Когда эта ситуация стала такой гадкой? Мне так от этого больно.
После сбора в Сэддлбруке мы летим в Европу, где я играю Открытый чемпионат Биаррица вместе с другими недопрофессионалами, сбитыми летчицами и юниорами. Турниры ITF вроде этого напрочь лишены лоска крупных соревнований и «Шлемов»: на них нет ни развозки, ни шведского стола, работающего весь день, ни салонов красоты, массажистов или физиотерапевтов. Разыгрываются там копейки: чуть больше 50 долларов за участие. Обстановка на них безрадостная. Это работа на износ.
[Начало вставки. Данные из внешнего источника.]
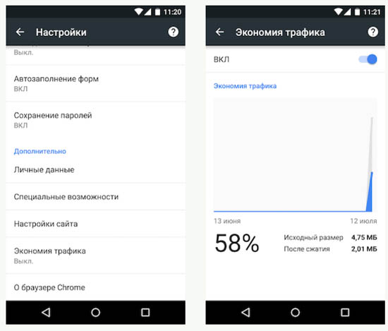 В стандартном для Lollipop браузере Google Chrome есть прекрасная фишка в виде экономии трафика, которая весьма удачно пригодится пользователям, которые не имеют в своем распоряжении безлимитный пакет интернета.
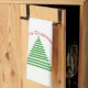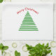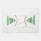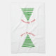 Trees of multiple geen linesat either end of towel. Above each tree is red text that curves above the trees reads "Merry Christmas!"

Моя первая соперница – итальянка, стоящая в рейтинге 678-й. У нее нет ни одного выигранного матча, а я четыре года назад была четвертой, а сейчас 446-я. То есть я должна побеждать даже с завязанными глазами.
Я проигрываю.
Моя игра чудовищна. Подача отвратительна. «Это катастрофа гребаная», – думаю я про себя. Моя соперница побеждает 7:5, 7:5. Я сыграла так ужасно, будто вообще разучилась играть. Все в моей жизни не так.
Единственное, что у меня еще есть, – это мои отношения с Тином. Но даже он не в силах компенсировать мне потерянный контакт с братом и испорченные отношения с родителями. То, чего мне не хватает, никто мне дать не может. Все уже до того запущено, что ничто не может изменить моих чувств и исправить мою голову. Все очень просто: я хронически подавлена, и ничего с этим не поделать. Я в глубокой депрессии. Я понимаю, что надо что-то делать, если я хочу еще пожить нормальной жизнью. И теннис тут ни при чем, я просто хочу быть психологически здоровым человеком. Сейчас уже не до тенниса, это вопрос элементарной жизнеспособности.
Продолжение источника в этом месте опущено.